Now let’s throw this into an actual SQL query:

SELECT
    Name,
    CASE
        WHEN Score >= 55    
        THEN "High Scorer"  
        ELSE "Low Scorer"   
    END AS "Outcome"
FROM table1

Output:

Name Outcome
Alice Low Scorer
Ben Low Scorer
Cynthia High Scorer
Darren High Scorer
Emma High Scorer

Our CASE statement allowed us to conditionally alter the value in the new Outcome column based on the value in the Score column. You can think of it in plain English terms:

“Hey SQL, I’m gonna specify you a CASE.
WHEN the score of a person is 55 or above, THEN call them a “High Scorer”.
ELSE, call them a “Low Scorer”.
END this case statement AS the column ‘Outcome’”.

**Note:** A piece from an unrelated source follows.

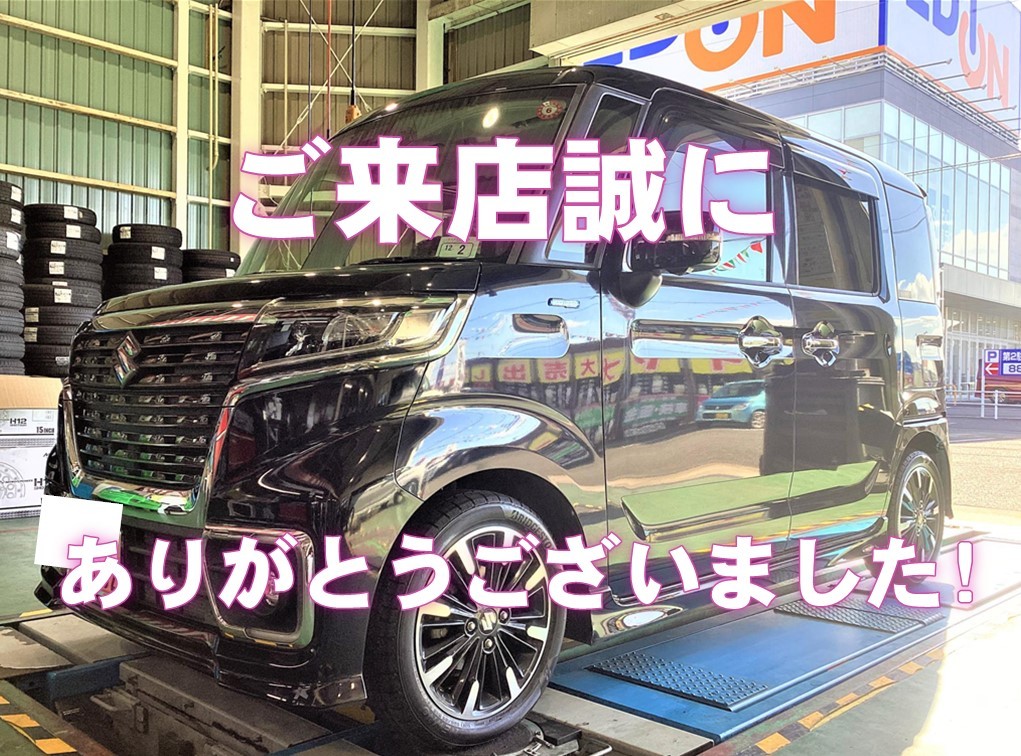 新規のお客様のスペーシアカスタムへ、【タイヤ交換&アライメント調整】をおこないました!

Let’s link this back to the screen:

SELECT
CASE
WHEN (
SELECT count()
FROM customer
where country = c.country
) = 1 THEN “Other”
ELSE c.country
END AS country,

count(*) returns the number of rows where the specified condition is met.

What this CASE statement is essentially saying is “If the number of rows in the table where this country occurs is 1, then just label it “Others”. Else, give me the actual name of the country”.

4 Likes

Your answer didn’t point out the most important stuff in the question.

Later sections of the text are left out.